━━━━━ Given information

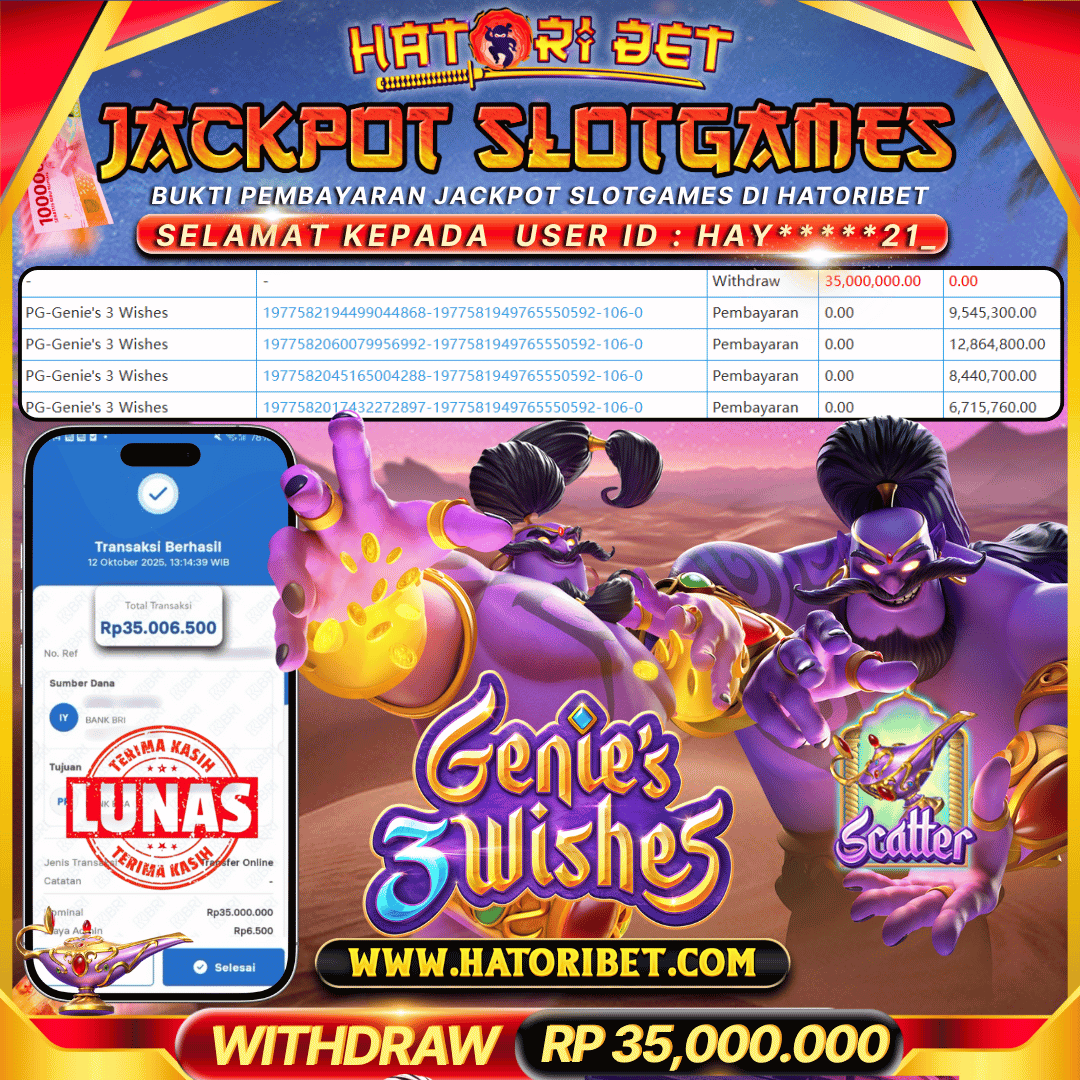 HATORIBET JACKPOT SLOTGAMES PG-GENIE'S 3 WISHES 30,000,000 ,- LUNAS
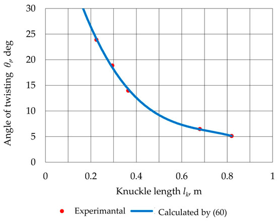 Figure 6 shows that the experimental and calculated data coincide. With the combined kingpin angle, the error does not exceed 3.89% and is within the accuracy of the measurements, which confirms the reliability of the obtained dependencies (40).
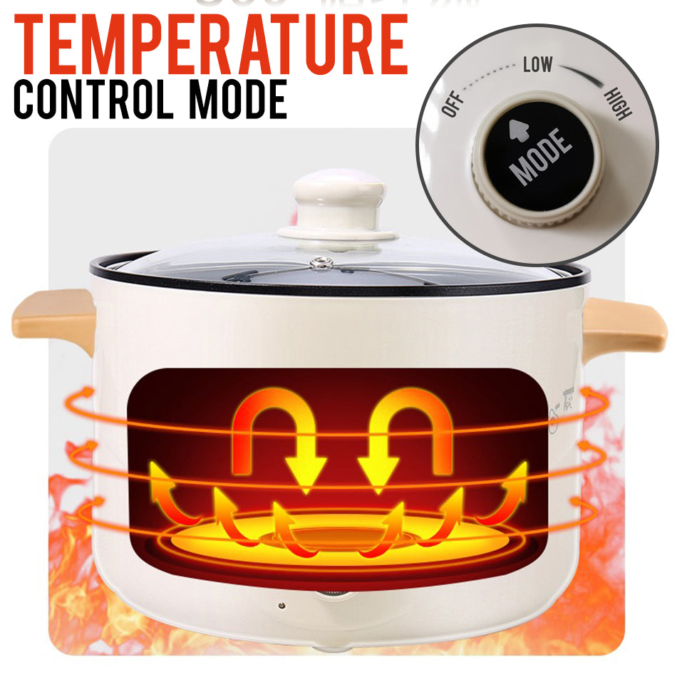 A multi-purposed electric pot. It has two adjustable power knob---small/Low and large/High heat temperature power which is suitable for most cooking needs. Its 360 degree heat circulation means the food cooked inside will be ready in no time. Its non-stick inner pot gives easier cleaning and long-lasting cooking.

━━━━━━━━━━

Copy the entire listing exactly but skip the pictures.

 HATORIBET JACKPOT SLOTGAMES PG-GENIE'S 3 WISHES 30,000,000 ,- LUNAS
 Figure 6 shows that the experimental and calculated data coincide. With the combined kingpin angle, the error does not exceed 3.89% and is within the accuracy of the measurements, which confirms the reliability of the obtained dependencies (40).
 A multi-purposed electric pot. It has two adjustable power knob---small/Low and large/High heat temperature power which is suitable for most cooking needs. Its 360 degree heat circulation means the food cooked inside will be ready in no time. Its non-stick inner pot gives easier cleaning and long-lasting cooking.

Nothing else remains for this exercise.